Write Eq. ($\star$) as:
$$
\begin{bmatrix}
\frac{1}{L_a'} & \frac{1}{M'} \\
\frac{1}{M'} & \frac{1}{L_b'} 
\end{bmatrix}
=
\begin{bmatrix}
L_a & -M \\
-M & L_b
\end{bmatrix}
^{-1}
$$
Inverting both sides, we get:
$$
\begin{align}
L_a &= L_a'\frac{M'^2}{M'^2-L_a'L_b'} \\
L_b &= L_b'\frac{M'^2}{M'^2-L_a'L_b'} \\
M &= M'\frac{L_a'L_b'}{M'^2-L_a'L_b'}
\end{align}
$$
Note that
$$\frac{M'^2}{L_a'L_b'}=\frac{L_aL_b}{M^2}$$
from Eq.($\star$).
Since in a realizable circuit we must have $M^2<L_aL_b$, we then also have $M'^2>L_a'L_b'$ so the quantities above are all positive as should be.

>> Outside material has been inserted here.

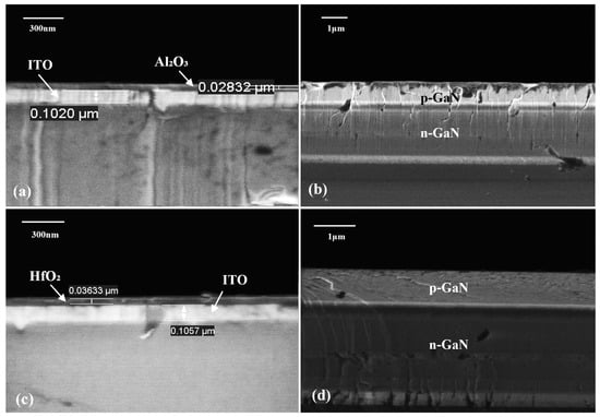 As described in Section 2.2, the wafers were cleaved after ITO patterning to isolate test structures for controlled experiments. Following Al2O3/HfO2 dielectric layer deposition, two samples from the control groups were retained for cross-sectional SEM analysis. As shown in Figure 5, the 100-nm-thick ITO layer and 30-nm-thick metal-oxide dielectric layers exhibit uniform thickness, distinct interfaces, and low defects. Lower-magnification SEM images further confirm the structural integrity of the multilayered wafer, which aligns with the epitaxial design illustrated in Figure 1a.

A: If I understand the question correctly, you want to determine the original parameters of the two LC circuits based on the desired frequencies, impedances and coupling parameter.
Using $Z'_i$ and $\omega_i'$ we can arrive determine $L_i'$ and $C_i$.
$$ L_i'=\frac{Z_i'}{\omega_i'},\,\, C_i=\frac{1}{Z_i' \omega_i'}$$
Next you can determine $M'$ as $M'=\frac{1}{2}\frac{\sqrt{Z_a'Z_b'}}{g}$.
You now have $L_a',L_b', M'$, for which you have three equations involving three unknowns $L_a, L_b, M$ so by some algebraic manipulation you can easily recover the original circuit parameters.